**EXERCISE BRIEF**
Word for word, please copy the line containing "控氮0Cr18Ni10(30" and all lines after it in the entries below, and only those, leaving every picture out.

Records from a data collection
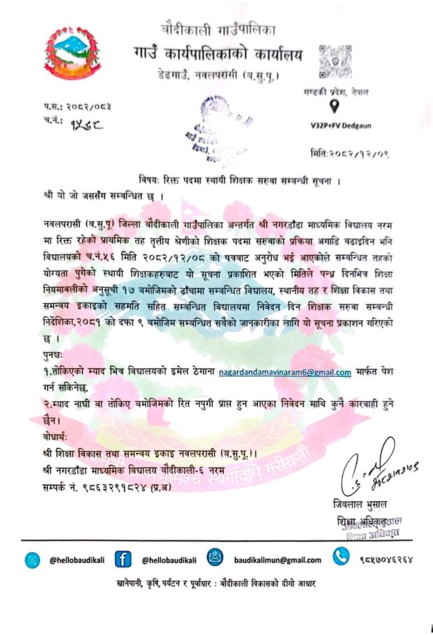 डेढगाउँ मा.वि. , बौदीकाली-२, डेढगाउँ, नवलपुरमा शिक्षक आवश्यकता सम्बन्धि सूचना
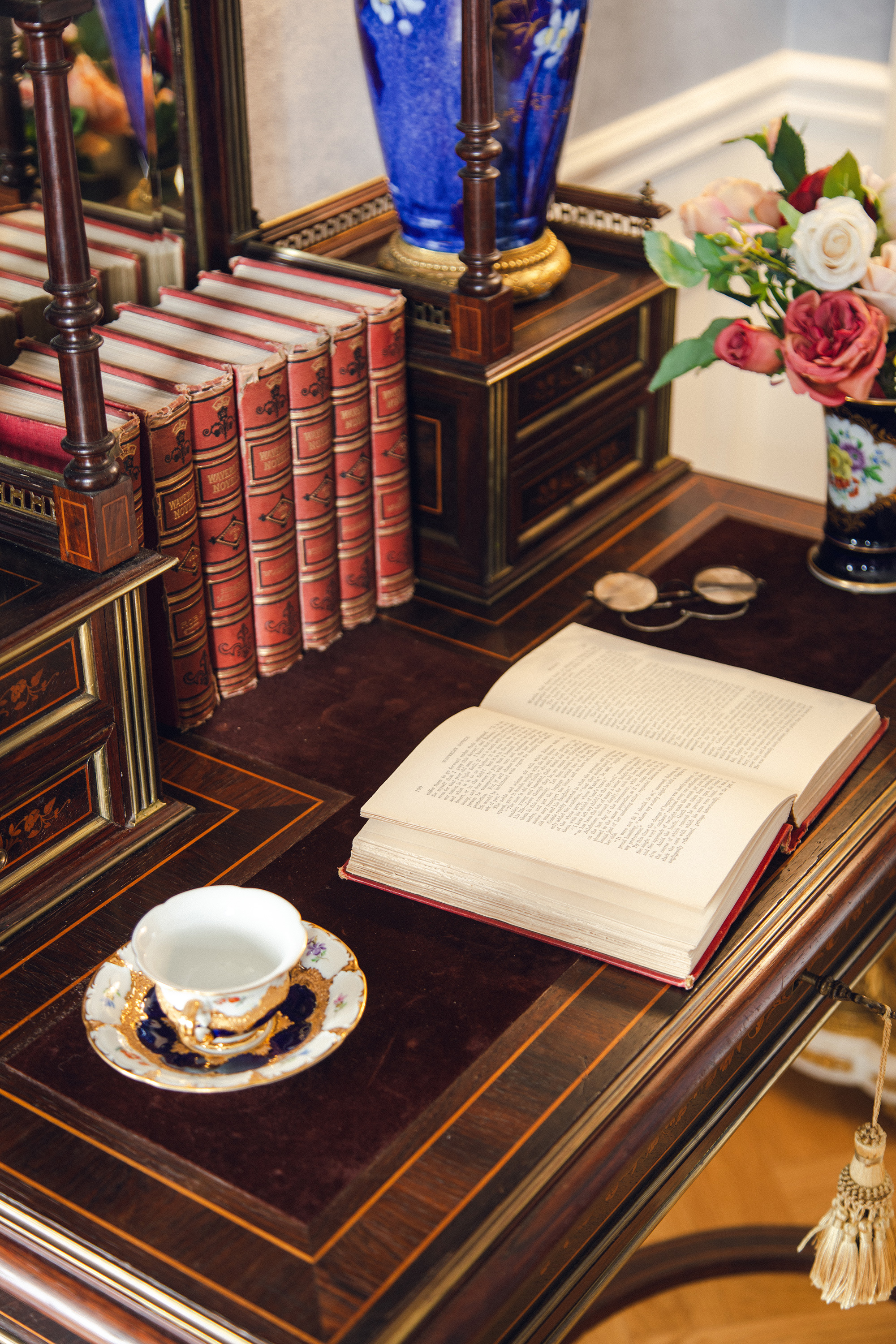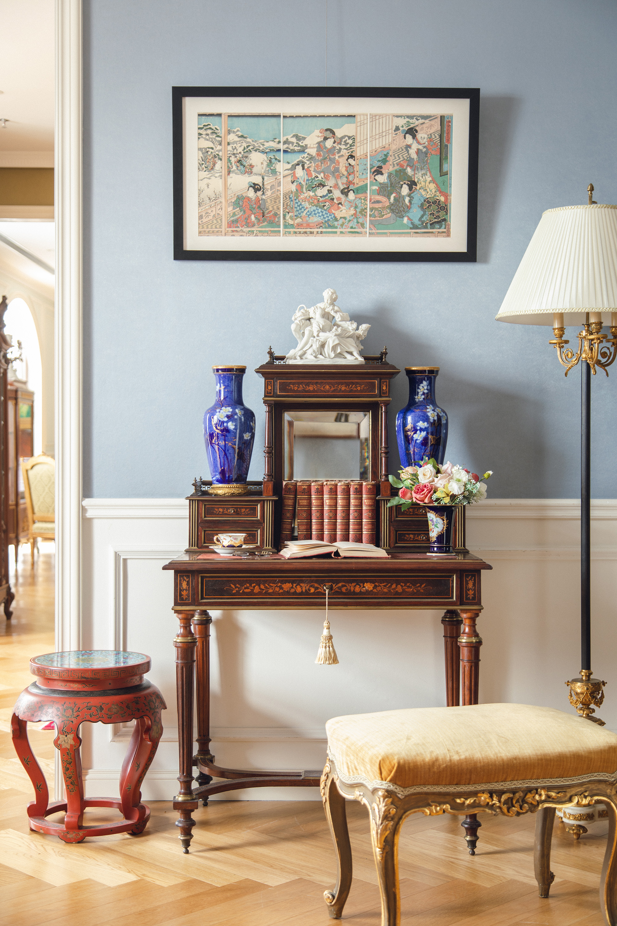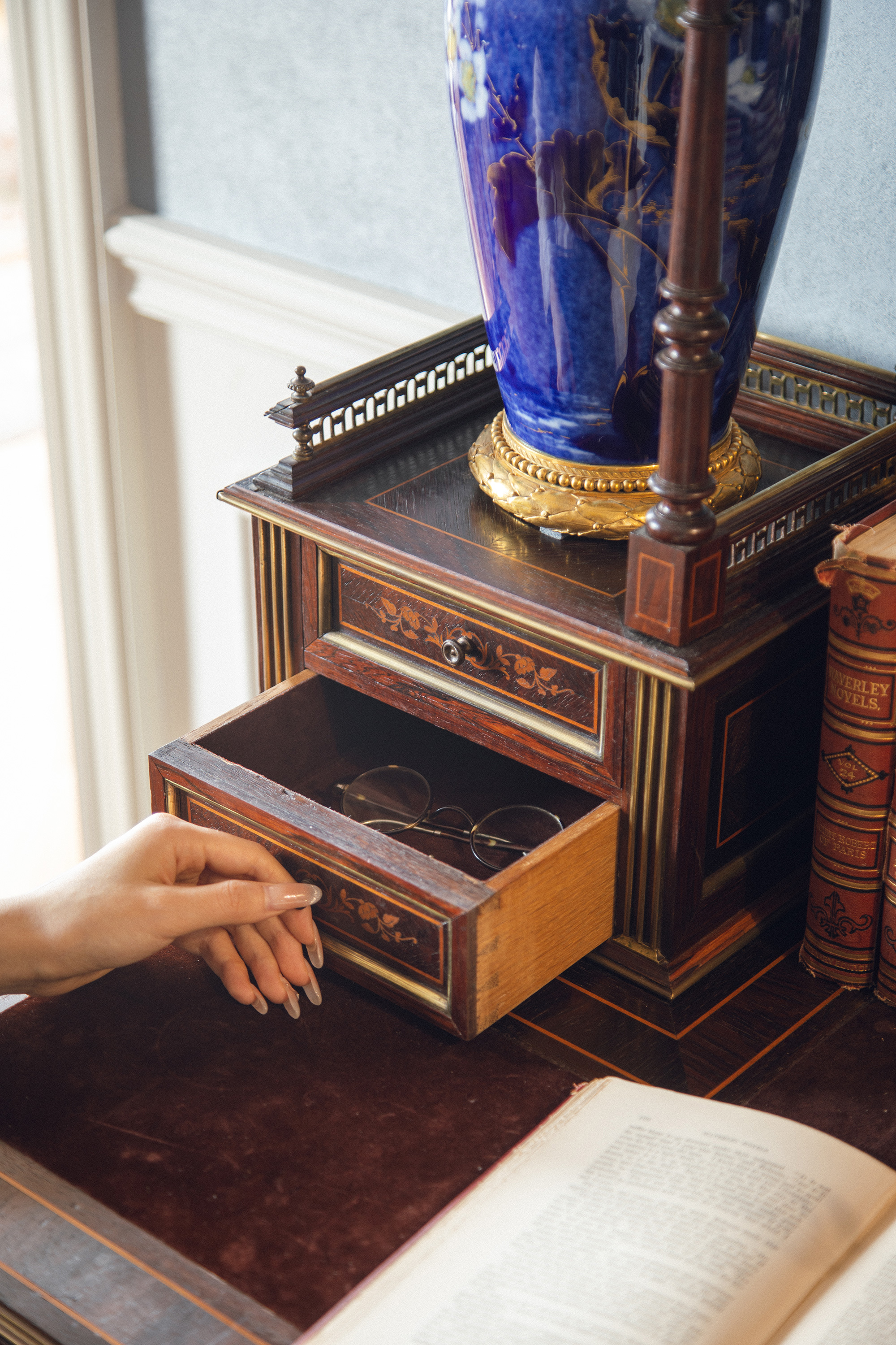 材质:胡桃木,花梨木及其他木材贴皮,丝绒(桌面),镜面等
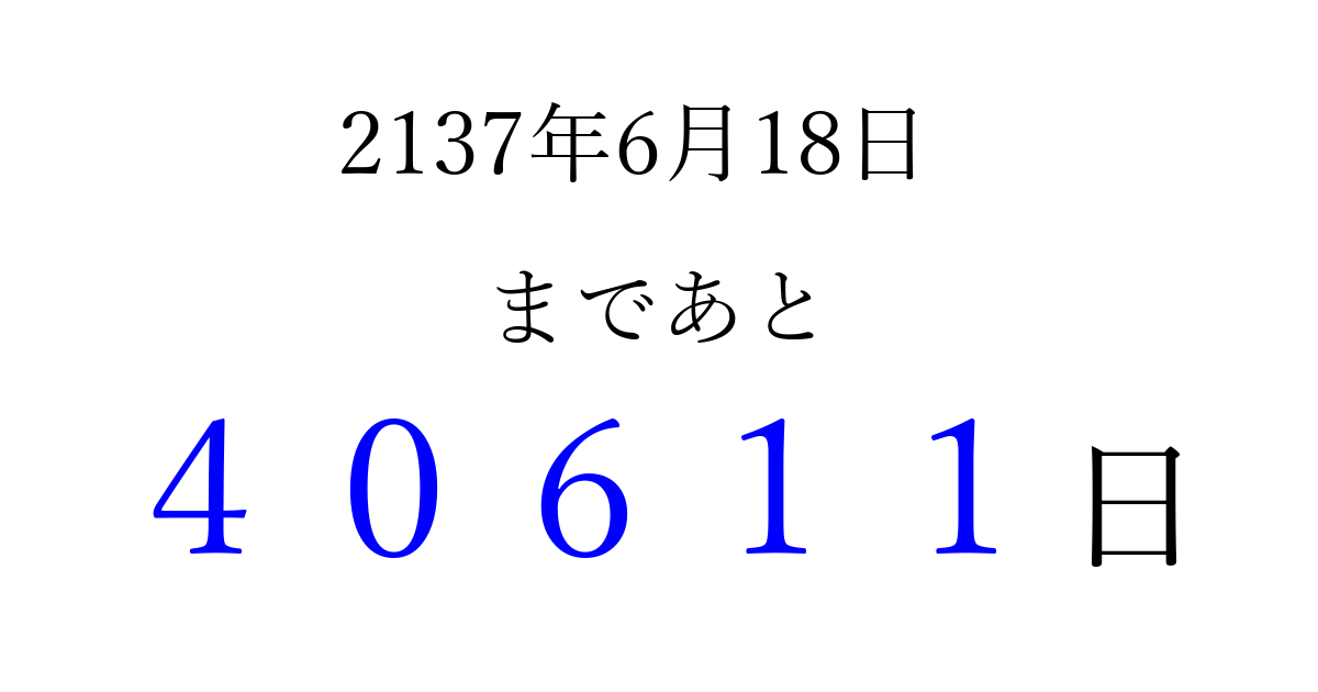 2137年6月18日(火)まで あと 99999 日です 追加すると、トップページからすぐ選べるようになります ※2026/04/10現在の結果です。 最新の状態に更新する ↓シェアして、タイムライン上にカウントダウンを表示しよう!↓ 📤 この結果を共有する Tweet シェア Threads Bluesky 別の日付でカウントダウン 2137年6月のカレンダー このページをブックマークに追加すると、いつでもカウントダウンを確認できます。 (PC: Ctrl+D / Mac: ⌘+D) hitome-notes.comでは以下のページも運営しています。 指定日と期間から日付を計算 | ガチャ確率計算・シミュレーション | プライバシー・ポリシー 運営者:Avocado
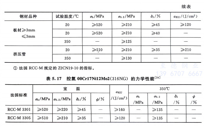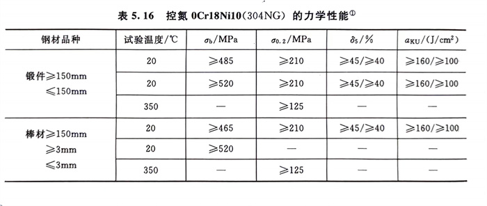 控氮0Cr18Ni10(304NG)和控氮00Cr17Ni12Mo2 (316NG)的力學(xue)性能分別列(lie)人表5.16和表5.17中。
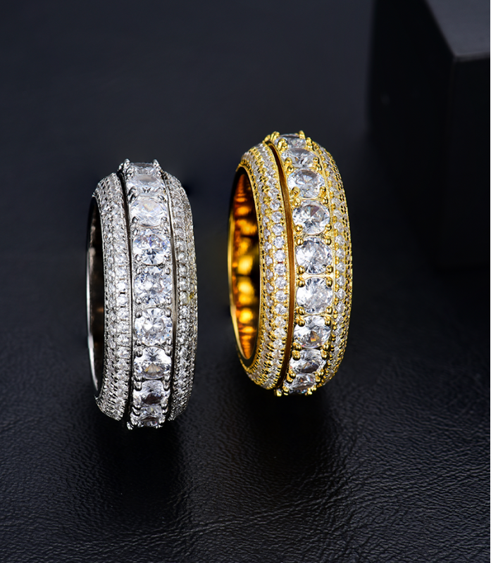 Tags: luxury gold plated full studded cz diamond rotating ring

**RESULT BELOW**
 控氮0Cr18Ni10(304NG)和控氮00Cr17Ni12Mo2 (316NG)的力學(xue)性能分別列(lie)人表5.16和表5.17中。
 Tags: luxury gold plated full studded cz diamond rotating ring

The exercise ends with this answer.